France urged to return pillaged African art
‘‘Within five years I want the conditions to be met for the ... restitution of African heritage to Africa’
FRANCE should change heritage laws to facilitate the return of thousands of African artworks pillaged or bought during the colonial era, governmentappointed experts are to advise Emmanuel Macron, the president.
If approved, it would amount to a radical policy shift that could pile pressure on Britain and other ex-colonial powers to hand back long-held artefacts to their countries of origin.
The report follows a groundswell of calls to return cultural treasures to Africa, amid estimations that up to 90 per cent of its cultural heritage is in foreign hands. France alone possesses around 90,000 African artworks, some 70,000 of which are at the Quai Branly museum in Paris.
Currently, French law strictly forbids the government from parting with what amounts to state property, even in clear-cut cases of pillaging.

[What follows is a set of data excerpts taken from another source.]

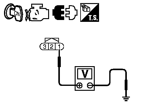 3. Check voltage between battery current sensor terminal 1 and ground with CONSULT-III or tester.
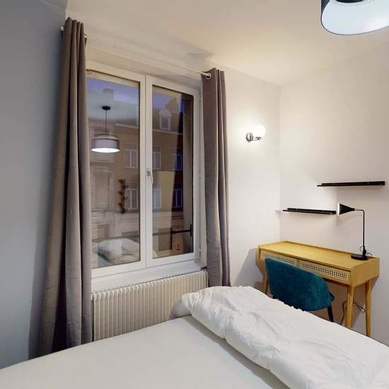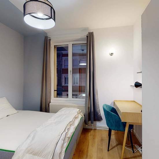 This spacious and comfortable room has been designed for you dear roomie! Practical and functional, the room is equipped with high quality bedding (140x200cm), a beautifull wardrobe, a night table and a true office space for your exams or your home office days! All of this in a cheerful and warm atmosphere. In addition, you have access to a shared bathroom. Beautiful flatshare in Lille ! Discover Lille Isly 1, our cosy and freshly renovated contemporary-style apartment. Close to local shops and restaurants, it is easily accessible by sub...
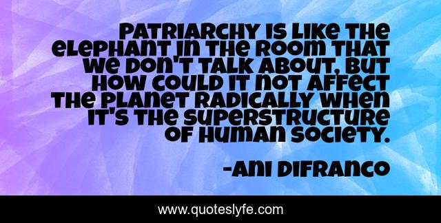 This page presents the quote "Patriarchy is like the elephant in the room that we don't talk about, but how could it not affect the planet radically when it's the superstructure of human society.". Author of this quote is Ani DiFranco. This quote is about human, talk, elephant,.

But Mr Macron signalled he was prepared to consider change in a speech in Burkina Faso last year in which he said: “Africa’s heritage cannot just be in European private collections and museums.
“Within five years I want the conditions to be met for the temporary or definitive restitution of African heritage to Africa.”
Mr Macron tasked Bénédicte Savoy, a French art historian, and Felwine Sarr, a Senegalese writer, to draw up a report on the issue.
Due for release tomorrow but leaked to French media yesterday, the report suggests amending French laws to enable the restitution of cultural works if bilateral accords are struck between France and African states.